Is CII Pressing the Centre to Accelerate PSU Privatisation?
Synopsis
Key Takeaways
- CII urges prompt privatisation of public sector enterprises.
- Estimated potential to unlock Rs 10 lakh crore.
- Recommends a demand-driven strategy for selecting PSUs for privatisation.
- Proposes a three-year privatisation roadmap for clarity.
- Calls for an institutional framework to enhance investor confidence.
New Delhi, Jan 11 (NationPress) The Confederation of Indian Industry (CII) has advocated for the Central government to expedite the privatisation of public sector enterprises as part of its recommendations for the Union Budget 2026–27. CII emphasizes the need for a strategic and measured approach to privatisation to realize the true potential of these enterprises.
Chandrajit Banerjee, the Director General of CII, stated, “The narrative of India’s growth is increasingly driven by private innovation and enterprise.

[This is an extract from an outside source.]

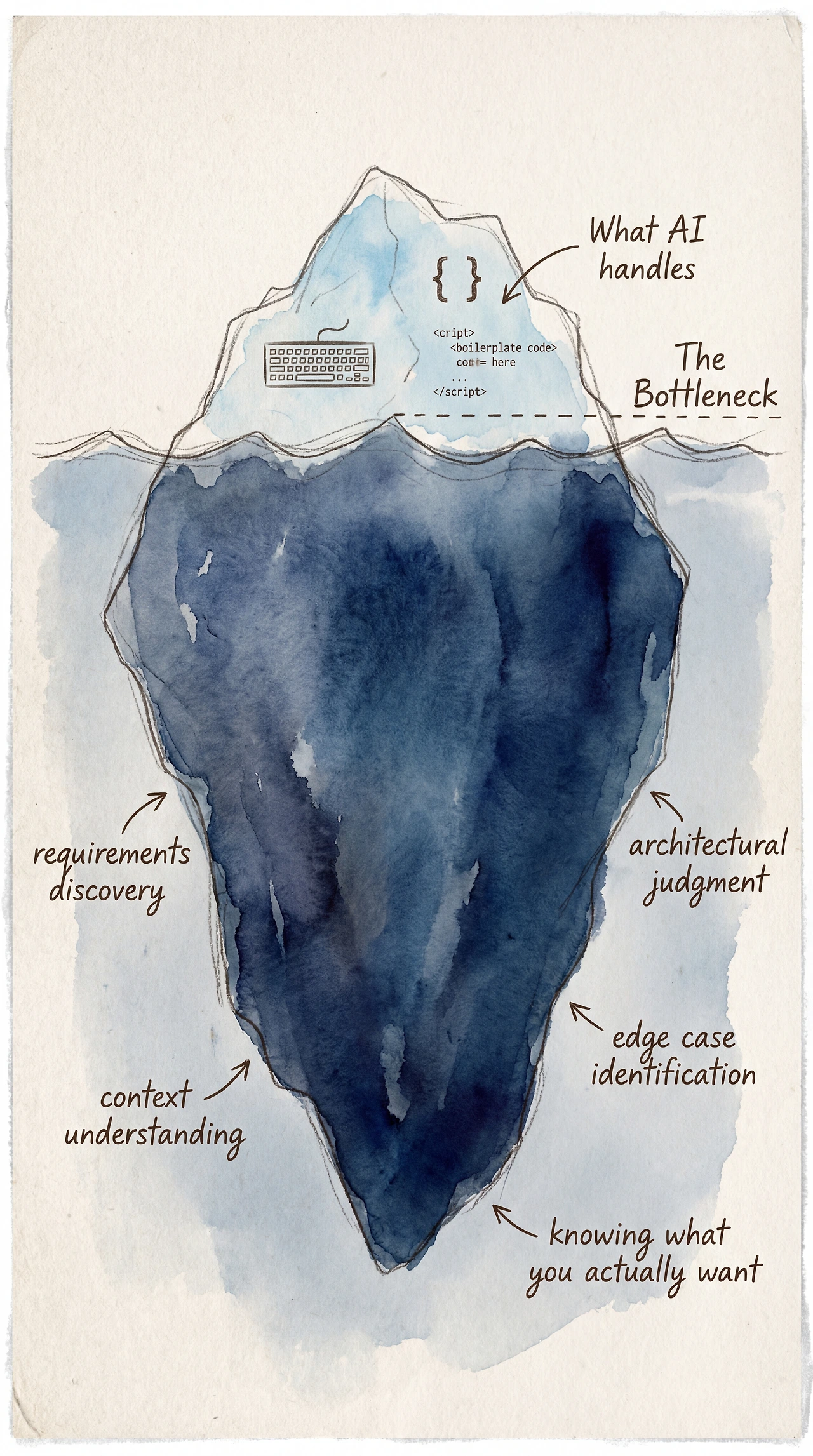 앞서 언급한 의도 격차가 바로 이것입니다. 우리가 알고 있는 것과 표현할 수 있는 것 사이의 차이를 말합니다. 머릿속의 모호한 생각을 명시적인 명세로 변환하는 것이 이제 병목이 된 것입니다. 코딩 자체가 아니라요.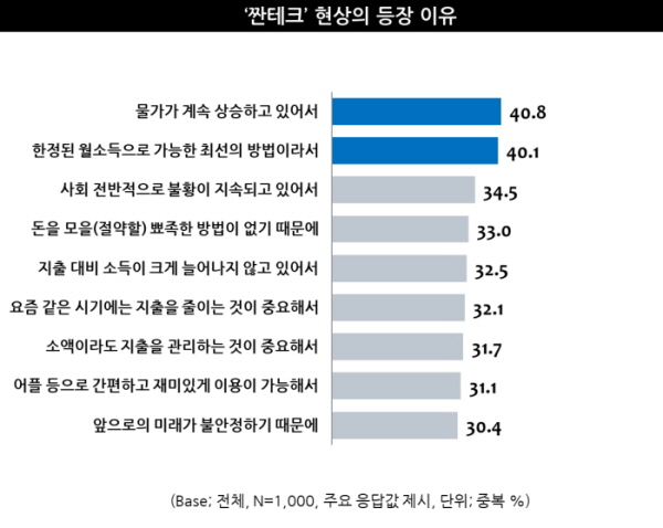 응답자들은 짠테크의 등장 이유로 물가 상승(40.8%, 중복응답)과 한정된 소득으로 가능한 최선의 재테크(40.1%), 사회 전반적으로 지속되고 있는 불황(34.5%) 등을 꼽았다.

An insightful privatisation strategy that aligns with the vision of Viksit Bharat will allow the government to concentrate on its primary roles while enabling the private sector to foster industrial growth and job opportunities.”
In this context, CII has urged for a swift implementation of the Government’s Strategic Disinvestment Policy, which aims to withdraw from all Public Sector Enterprises (PSEs) in non-strategic sectors while maintaining minimal involvement in strategic ones.
To enhance and hasten the privatisation process, CII has proposed a comprehensive four-part strategy.
Firstly, CII suggests adopting a demand-driven strategy for selecting PSEs for privatisation. Currently, the government identifies specific enterprises for divestment and then seeks investor interest. However, when there is insufficient demand or valuation, the process can stagnate. CII recommends reversing this order: first assessing investor interest across a wider range of enterprises and then prioritizing those that draw more interest and meet valuation criteria. This method, according to CII, would facilitate smoother execution and improve price discovery.
Secondly, to offer potential investors better clarity and planning, CII proposes that the government disclose a rolling three-year privatisation schedule, detailing which enterprises are expected to be privatized during this timeframe. This transparency would promote deeper investor participation and lead to more realistic valuations.
Thirdly, establishing an institutional framework could enhance oversight, accountability, and investor trust, making the privatisation process more predictable and professionally managed. CII recommends forming a dedicated body with a Ministerial Board for strategic oversight, an Advisory Board comprising industry and legal experts for independent evaluation, and a professional management team to manage execution, due diligence, market engagement, and regulatory coordination.
Additionally, CII has suggested a systematic disinvestment strategy paired with a three-year roadmap as a temporary measure. The government could gradually reduce its stake in listed PSEs to 51 percent initially, allowing it to remain the largest shareholder while unlocking substantial market value. Over time, this stake could further decrease to between 33 and 26 percent.
CII estimates that lowering the government’s stake to 51 percent in 78 listed PSEs could release nearly Rs 10 lakh crore. In the initial two years of this roadmap, the disinvestment plan could aim for 55 PSEs where the government holds 75 percent or less, potentially generating about Rs. 4.6 lakh crore. In the next phase, 23 PSEs with higher government stakes (over 75 percent) could be divested, which might yield an additional Rs 5.4 lakh crore.
These strategies are expected to bolster investor confidence, ensure transparent and predictable processes, and maximize value realization for the government. By prioritizing governance, regulation, and enabling infrastructure while allowing competitive markets to enhance efficiency, strategic privatisation can free up public resources for critical sectors like health, education, and sustainable infrastructure, while keeping a minimal presence in strategic sectors to support a self-sufficient and globally competitive economy.